One of his customers was Masato, the small-business owner, who sold his four-bedroom condo to a relative for about $185,000, 15 years after buying it for a bit more than $500,000. He said he was still deliberating about whether to expunge the $110,000 he still owed his bank by declaring personal bankruptcy.
Economists said one reason deflation became self-perpetuating was that it pushed companies and people like Masato to survive by cutting costs and selling what they already owned, instead of buying new goods or investing.
“Deflation destroys the risk-taking that capitalist economies need in order to grow,” said Shumpei Takemori, an economist at Keio University in Tokyo. “Creative destruction is replaced with what is just destructive destruction.”

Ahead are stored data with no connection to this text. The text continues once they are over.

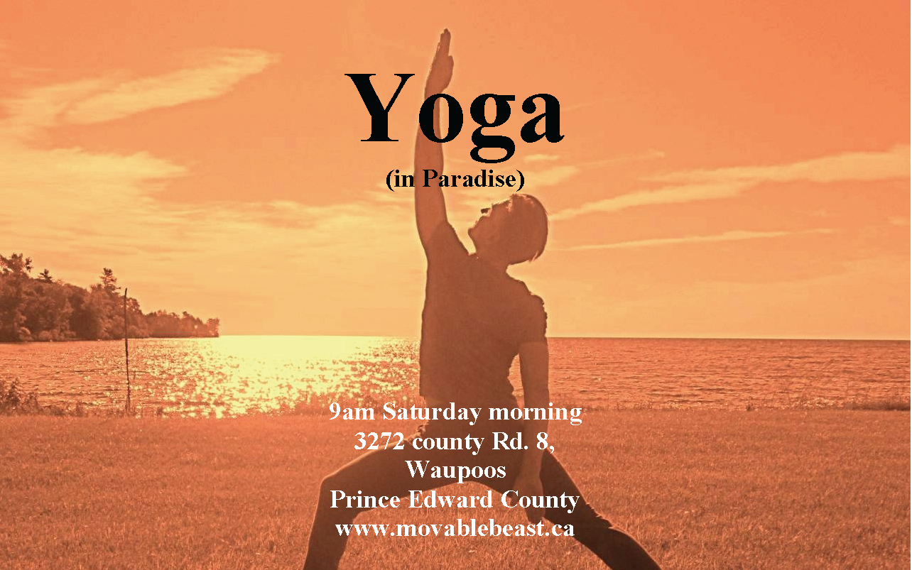 One of my clients has generously offered her property for summer yoga, for those of you who wish to participate. The cost is ten dollars or pay-what-you-can, and we meet at 9am on Saturday mornings (except for August 15), on a point of land that is surrounded on three sides (270 degrees) by water. The setting is idyllic, it is peacful, the sun is on the water for your salutes to the sun, and I have been privileged to facilitate some of the most speechless experiences this side of paradise. Please join us for yoga, and some tea following our practice. We are at 3272 County Rd #8 in Waupoos in beautiful Prince Edward County.
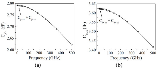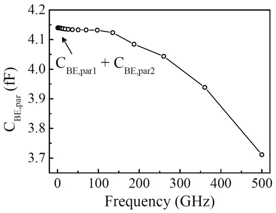 with C 1 = C B E , p a r , 1 and C 2 = C B E , p a r , 2 . Formulation (1) yields C B E , p a r 1 + C B E , p a r 2 when ω 0 and C B E , p a r 1 when ω . The partitioning factor (fbepar) has been extracted directly from the TCAD simulated capacitance versus frequency characteristics (Figure 6) obtained from the customized structure (Figure 5a). The calculated value of the parameter fbepar (=C B E , p a r 2 /(C B E , p a r 1 + C B E , p a r 2 )) is 0.93. Therefore, according to the equivalent circuit of HICUM, most of the C B E , p a r is assigned to the internal transistor with C B E , p a r 2 = 3.2 fF and C B E , p a r 1 = 0.35 fF.
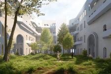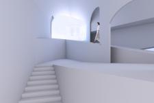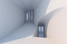 This strategy ensures that the new building does not impose itself as an isolated object, but instead emerges from the logic of its urban context. Subtle alignments, such as roofline shifts, proportional echoes, and the repetition of arch and rectangular openings, strengthen continuity with neighboring architecture. At the same time, the intersecting tubes generate new spatial experiences: double-height gathering spaces, visual corridors through the building, and platforms that allow visitors to walk alongside the old façade while engaging with the new.
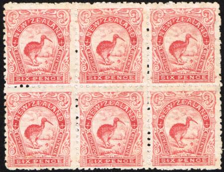 | 1898 Pictorials. 6d perf 11 (sideways wmk.). UHM/LHM block of six in rose-carmine. Tone speckles on gum. CP E14e(3), SG 312b. |
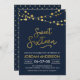 Moderno Sweet 16 Aniversário convidado com cordas de luz elegantes e a palavra "Doce Dezesseis" em ouro falso contra fundo azul. A placa inclui um padrão correspondente do lado traseiro. Veja outros itens correspondentes aqui https://www.zazzle.com/collections/strings_of_lights_faux_gold_celebration_collection-119311942951401241?rf=238364477188679314 Personalize-o substituindo o texto do espaço reservado para adicionar suas informações. Para obter mais opções, clique no botão "Personalizar". *Observe que a Marca d'água do Zazzle que aparece na visualização de zoom NÃO aparecerá no produto impresso final. © Rosewood e Citrus
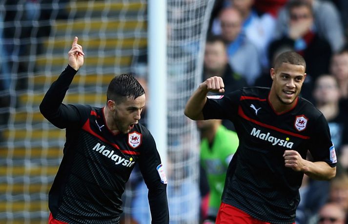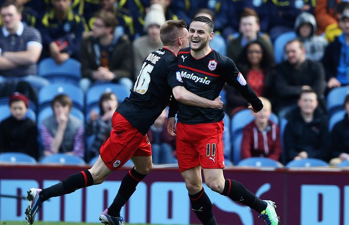 Aron Einar og Heiðar deildarmeistarar Kolbeinn Tumi Daðason skrifar 20. apríl 2013 00:20 Stuðningsmenn Cardiff fögnuðu sæti í ensku úrvalsdeildinni á miðvikudag. Nordicphotos/Getty Cardiff tryggði sér í dag deildarmeistaratitilinn í Championship-deildinni með 1-1 jafntefli gegn Burnley á Turf Moor. Aron Einar Gunnarsson lék allan leikinn með Cardiff. Craig Conway kom gestunum frá Wales yfir með fínu skoti á 27. mínútu. Þannig stóðu leikar allt þar til komið var fram í viðbótartíma. David Edgar skallaði þá boltann í netið af stuttu færi og tryggði heimamönnum stig við mikinn fögnuð stuðningsmanna Burnley. Heimaliðið styrkti stöðu sína í botnbaráttunni með stiginu. Cardiff hefur nú sjö stiga forskot á Hull þegar tvær umferðir eru eftir. Enski boltinn Tengdar fréttir Ákvað að sleppa mér alveg Aron Einar Gunnarsson og félagar í Cardiff tryggðu sér sæti í ensku úrvalsdeildinni á næstu leiktíð í vikunni. Landsliðsfyrirliðinn hefur aldrei leikið betur og segist tilbúinn að spila fótbolta með þeim bestu. 20. apríl 2013 06:00 Mest lesið „Feginn að þú lifðir krabbameinið af svo þú gætir séð skítaliðið þitt fara niður“ Handbolti Farin frá Braga eftir aðeins hálft ár Fótbolti Segir dómarana bara hafa verið að giska Enski boltinn Mest lesið í innlenda sportinu: Danskar bullur, oddaleikur á Króknum og miskátir hlauparar Sport „Mér var bara tjáð að þeir ætluðu að leita eitthvað annað“ Íslenski boltinn Alveg sama um úrvalsdeildina og ætlar í veiði eftir HM Sport Réttlætti Zirkzee-skiptinguna: „Stundum sækirðu betur með færri framherja“ Enski boltinn Neyðarlegt jafntefli United gegn Úlfunum Enski boltinn Alls ekki síðasti leikur Semenyo Enski boltinn Segir Ísland eiga tvo af tíu bestu í heimi Handbolti Fleiri fréttir Alls ekki síðasti leikur Semenyo Segir dómarana bara hafa verið að giska Sjáðu Arsenal rúlla yfir Villa og Úlfana ná í stig á Old Trafford Réttlætti Zirkzee-skiptinguna: „Stundum sækirðu betur með færri framherja“ Arsenal rústaði Villa og náði fimm stiga forskoti Neyðarlegt jafntefli United gegn Úlfunum Welbeck skoraði úr einu víti og brenndi af öðru Fékk á sig víti í mögulegum kveðjuleik „Þetta er rebbabragð sem ég vissi nú reyndar ekki að hann kynni“ Liðið sem gerir stólpagrín að xG Þjálfari Liverpool í föstum leikatriðum látinn fara „Fróðari menn segja að maður eigi ekki að láta tilfinningarnar ráða“ „Ég hélt ég myndi deyja“ Nottingham Forest vill fá að heyra samtöl dómaranna Vildi ekki láta undan pressu frá fjölmiðlamönnum Man Utd samdi við fyrrum liðsfélaga Glódísar Perlu hjá Bayern Gefur í skyn að Arsenal opni veskið í janúar „Einn mesti hugsuðurinn í boltanum“ Semenyo vill að allt verði klárt fyrir nýársdag „Knattspyrnustjórar eru ekki töframenn“ Segja að Wirtz græði á fjarveru Salah: „Sé hann fljúga í gang“ Skynjar stress hjá Arsenal Sjáðu frábært samspil Leeds og Gray tryggja Spurs sigurinn Ekkja Jota þakklát: „Hefur meiri þýðingu en orð geta lýst“ Jöfnuðu 128 ára gamalt met Gray hetja Tottenham Calvert-Lewin skoraði í sjötta leiknum í röð Andy Carroll mætir fyrir dóm eftir að hafa verið handtekinn Villa kvartar til Chelsea vegna flösku sem flaug á bekkinn Sjáðu magnaða vörslu Raya: „Þetta var stórkostlegt“ Sjá meira
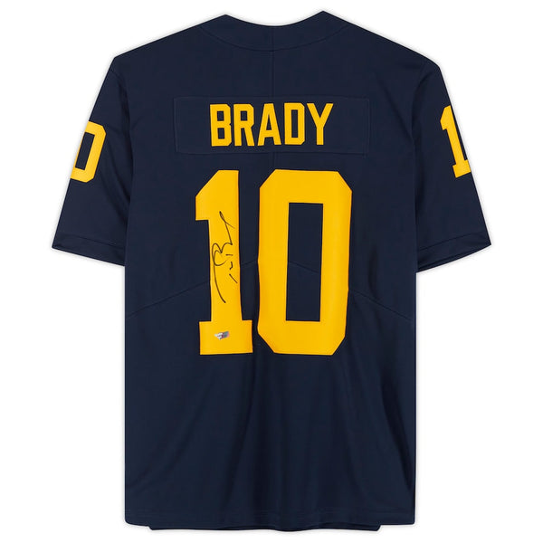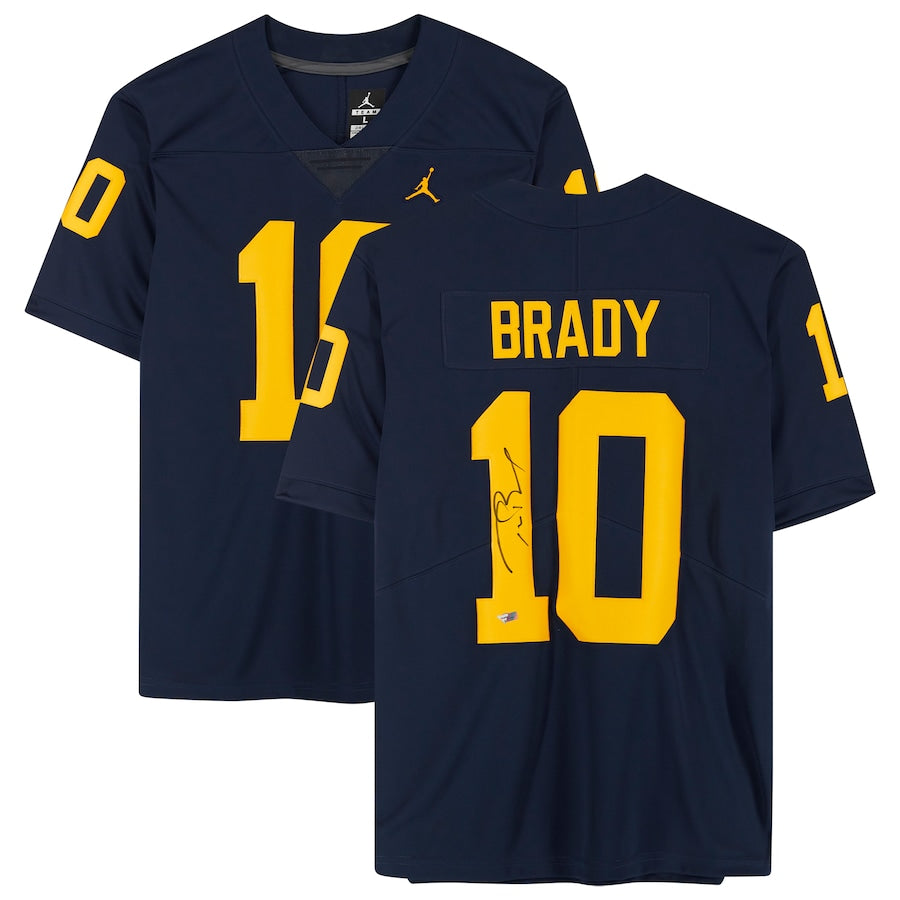 This Nike Limited Jersey is autographed by Michigan Wolverines legendary quarterback Tom Brady. Also known as the "GOAT," Brady has had numerous achievements in his illustrious NFL career such as 15 Pro Bowl Selections, three MVP awards and a whopping seven Super Bowl championships. The Hall of Fame-bound signal-caller also holds the NFL record for most passing yards and passing touchdowns. This iconic piece of memorabilia showcases Tom Brady's iconic signature to provide the ultimate collector's item.

Before commenters like Greg jump all over me, re-read the intro. I never claimed the adoption of the 0% NGDP growth policy had anything to do with the dreary story described by the NYT. And I’m not sure it does. There’s nothing wrong with touting a country as a smashing success in one area, even if you disagree with its policies elsewhere. I’m always praising Singapore’s fiscal policy, yet I detest many policies of the Singapore government. It could well be that the bad performance of Japan’s economy was caused by supply-side factors unrelated to monetary policy. Some bloggers even claim the Japanese haven’t done all that bad.
And yet . . . let’s be honest. This is a big problem for the 0% NGDP growth fans. Japan’s slide into stagnation co-incided almost exactly with the (de facto) adoption of a stable NGDP rule. And it’s the only country I know that has adopted this policy. And before the policy was adopted most mainstream economists thought deflation was a really bad idea. Put that all together and I think “zero percenters” have got a massive PR problem.
Yes, the US grew rapidly in the late 1800s under deflation, but we had strong NGDP growth. Japan doesn’t. Are there any examples of countries doing well with stable NGDP? I don’t know of any. Unless someone can find plausible counterexamples, that makes Hayek’s argument a really hard sell.
Why is this important? Because Hayek’s argument underlies the Austrian view that monetary policy was too “inflationary” during the 1920s, despite no rise in the price level. He argued NGDP should have been kept stable, so prices could fall with productivity gains. This argument also underlies some of the critique of Fed policy in the 2000s, as price inflation wasn’t all that high. In fairness, some point to the rapid NGDP growth after 2003 as a problem, and I partly agree. So the critique of the Fed in this case seems stronger from a NGDP targeting perspective. But still nowhere near as strong as the critique of their policy of allowing NGDP growth to plummet in the midst of a financial crisis.